A bifurcation analysis of an open loop internal combustion engine

The process of engine mapping in the automotive industry identifies steady-state engine responses by running an engine at a given operating point (speed and load) until its output has settled. While the time simulating this process with a computational model for one set of parameters is relatively short, the cumulative time to map all possible combinations becomes computationally inefficient. This work presents an alternative method for mapping out the steady-state response of an engine in simulation by applying bifurcation theory. The bifurcation approach used in this work allows the engine's steady-state response to be traced through the model's state-parameter space under the simultaneous variation of one or more model parameters. To demonstrate this approach, a bifurcation analysis of a simplified nonlinear engine model is presented. Using "throttle position" and "desired load torque signal", the engine's dynamic response is classified into distinct regions bounded by bifurcation points.
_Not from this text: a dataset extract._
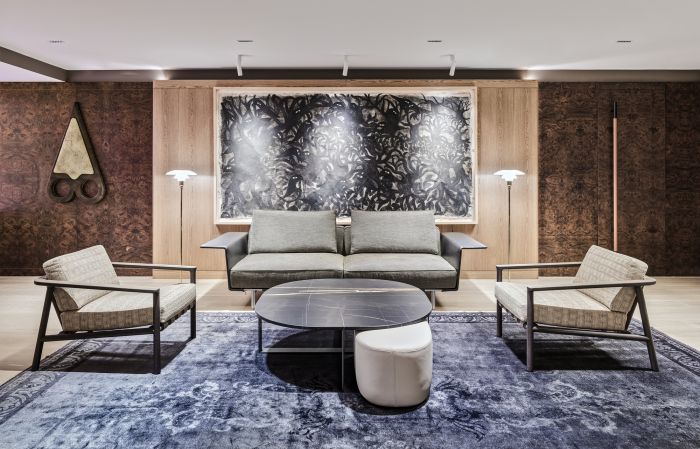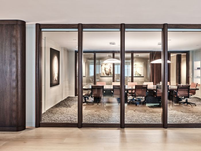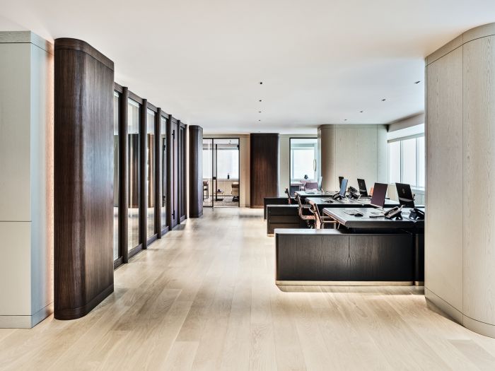 所有的辦公室都是開放式設(shè)計,透明玻璃門劃分了工作區(qū)域。從接待區(qū)到工作區(qū),木材材料逐漸使用,所以整個辦公室的調(diào)色板以米色和棕色為主。該項目的主要棕色色調(diào)以木質(zhì)元素和 大理石細節(jié)為特色。

These bifurcations are shown to correspond to key physical properties of the open-loop system: fold bifurcations correspond to the minimum throttle angle required for a steady-state engine response; Hopf bifurcations bound a region where self-sustaining oscillations occur. The techniques used in this case study demonstrate the efficiency a bifurcation approach has at highlighting different regions of dynamic behavior in the engine's state-parameter space. Such an approach could speed up the mapping process and enhance the automotive engineer's understanding of an engine's underlying dynamic behavior. The information obtained from the bifurcation analysis could also be used to inform the design of future engine control strategies.